The main project repo is currently private while the team continues to build out capabilities. Look for a Source update once they open the project up for wider collaboration.
America’s Slow Lane: Faux-Astroturfing Against Net Neutrality
Team: Kawandeep Virdee, Latoya Paterson, Rebekah Monson, Chris Barr, Lyre Calliope, Chris Sopher
Website: America’s Slow Lane
Hackpad: Slow Internet Movement notes
Repo: https://github.com/rebekahmonson/slowlane
Kawandeep Virdee pitched this project, a fake anti-net-neutrality astroturf group and “mischievous art project.” He describes its rationale and the possible future world from which it springs:
What would the loss of net neutrality concretely mean and feel like?

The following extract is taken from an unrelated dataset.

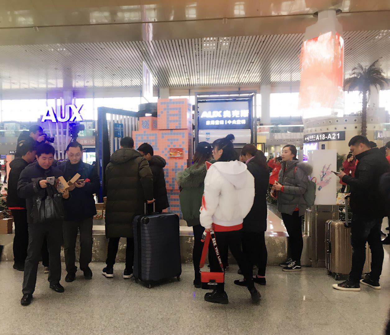 仿佛是在一夜之间,南京南高铁站惊现由无数神秘二维码组成的“有家的地方就有奥克斯”的字样。小编来到现场时,这里已经聚满了扫码的游子们。嘈杂的候车大厅内,不时听到游客惊呼“中了,中了”“我也中了”。原来这是奥克斯空调趁着春节来临之际,把为游子们准备的暖心年货藏在了这些二维码里。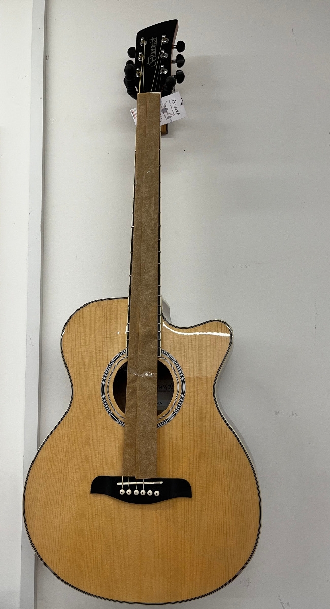 Spruce Top • Sapele Back and Sides • Enclosed Die-Cast Machineheads • Composite Technical Wood Fingerboard and Bridge • Gloss Finish • Great Colour Choices • Pickup and Preamp with 3 Band EQ and integrated tuner.

The campaign is coming from a reality in which ISPs gained even more control and started throttling websites—breaking them and causing a slower internet. ISPs were astroturfing with America’s Slow Lane to raise appreciation for a slower web, which is pretty absurd. You can experience these “benefits” with the Chrome extension, but when you use it, you really find yourself in an awful, annoying browsing experience. Who wants that reality? This project hacks ISP brands to strengthen the cause for the open web.
Project contributor Latoya Peterson explained that because Net Neutrality is a such a complicated thing to promote, they decided on agitprop via browser extension: “by flipping the idea and presenting a vision of a world where ISPs help you manage your internet expectations, we hope that people will have a more concrete vision of what is at stake.”
So why a fake advoacy site instead of something more technically intensive? Rebekah Monson joined the project precisely because of its policy focus:
Often at hackathons, we focus specifically on technology problems, but there are a number of issues around the open web that require policy solutions. As webmakers, I think we need to recognize that policy and advocacy are as important to our work as technology itself. We wanted to build something fun that would give everyone a creative outlet and work on advocacy for the open web. So, we went with satire … well, because internet. As a group of folks with community organizing, art and storytelling backgrounds, this sort of work was well-suited to our skills and interests, and we had a great time working together.
Peterson called out Adbusters and old-school culture jamming as an influence on her work on the project, and called the final version a “24-hour, ephemeral internet sprite” meant to spark conversations—and, ideally, imitators. “I hope other activists will make their own versions of this,” she wrote, “so we have a really robust conversation about net neutrality—we can do more than explain the issue.”